Beginning in October 2018, the government operation secretly tracked the movements and actions of humanitarian activists who provided aid to migrants, leading to the activists being harassed and detained at the border. In some cases, they were refused entry to Mexico or forced from that country if already there. The three plaintiffs include two lawyers who direct programs for the non-profit legal organization Al Otro Lado, and one documentary filmmaker whose foundation provides filmmaking tools and training to allow vulnerable communities to create their own narratives.
In response, the American Civil Liberties Union Foundation of Southern California and the law firm Kirkland & Ellis LLP filed a First Amendment lawsuit on behalf of the three humanitarians placed on a secret government watchlist for no other reason than their compassion.
The government program not only spied on them, but also put alerts on their passports leading to them being interrogated, detained, and in some cases refused entry at the border.
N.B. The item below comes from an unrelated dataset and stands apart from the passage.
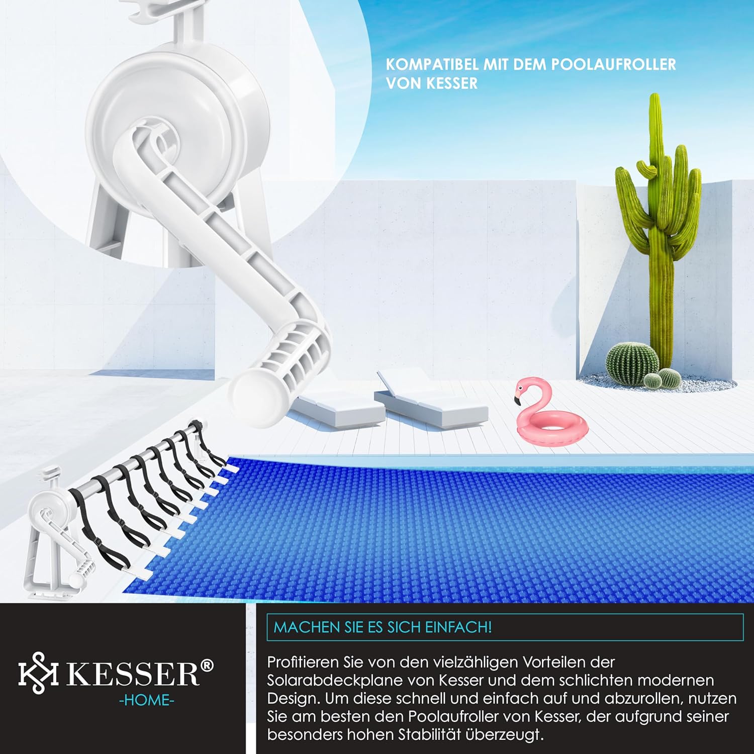 • Compatibel met zwembaden: maak het jezelf heel eenvoudig en profiteer van de vele voordelen van het beschermzeil van KESSER en het eenvoudige moderne design. Om deze snel en eenvoudig op en af te rollen raden wij je onze zwembadhaspel van het merk Kesser aan, die door zijn bijzonder hoge stabiliteit overtuigt.
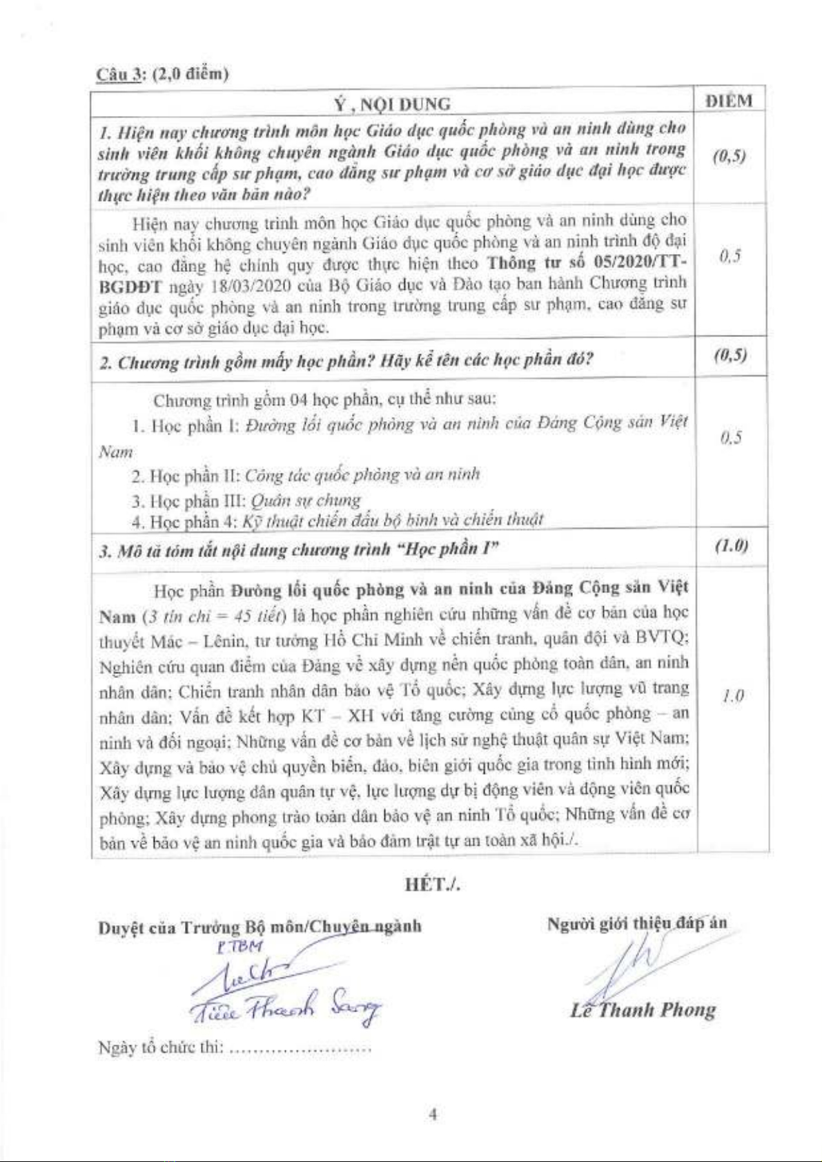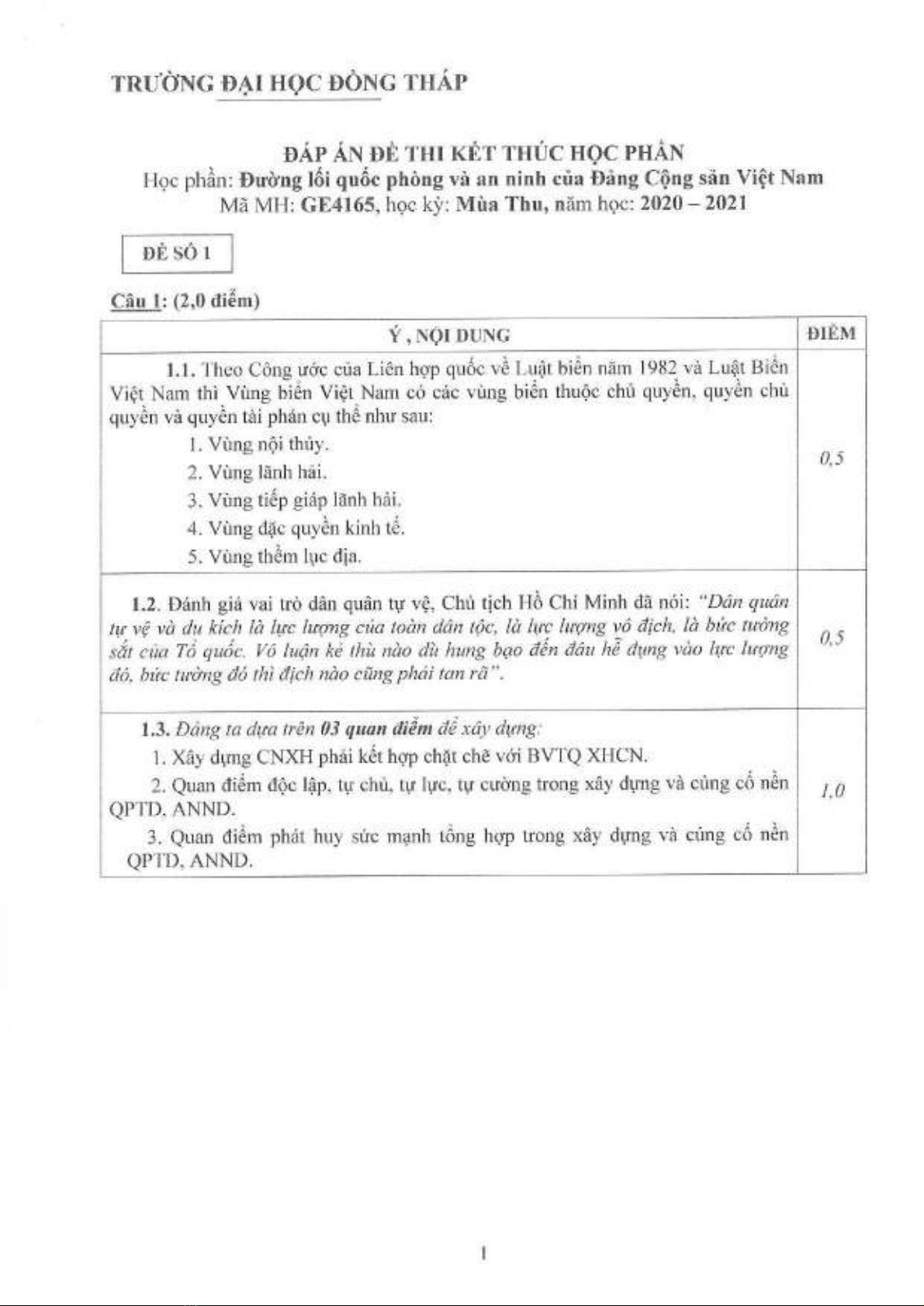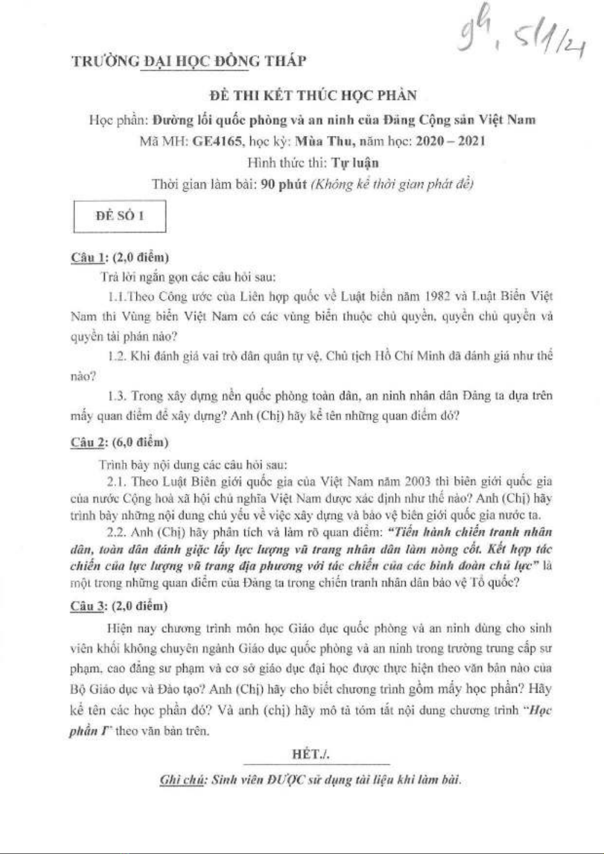 Đề thi kết thúc môn học Đường lối quốc phòng và an ninh của Đảng Cộng sản Việt Nam năm 2020-2021 có đáp án - Trường ĐH Đồng Tháp

This program remained secret until it was revealed in a series of investigative reports by NBC7 television news in San Diego. The program's database uncovered by the investigative journalists included not only dossiers but also, chillingly, photos of 59 humanitarian activists, journalists, and social medial influencers, including the plaintiffs in this lawsuit.
The lawsuit asks that any information gathered by the government program on the plaintiffs be expunged and that an order is issued to cease spying on them.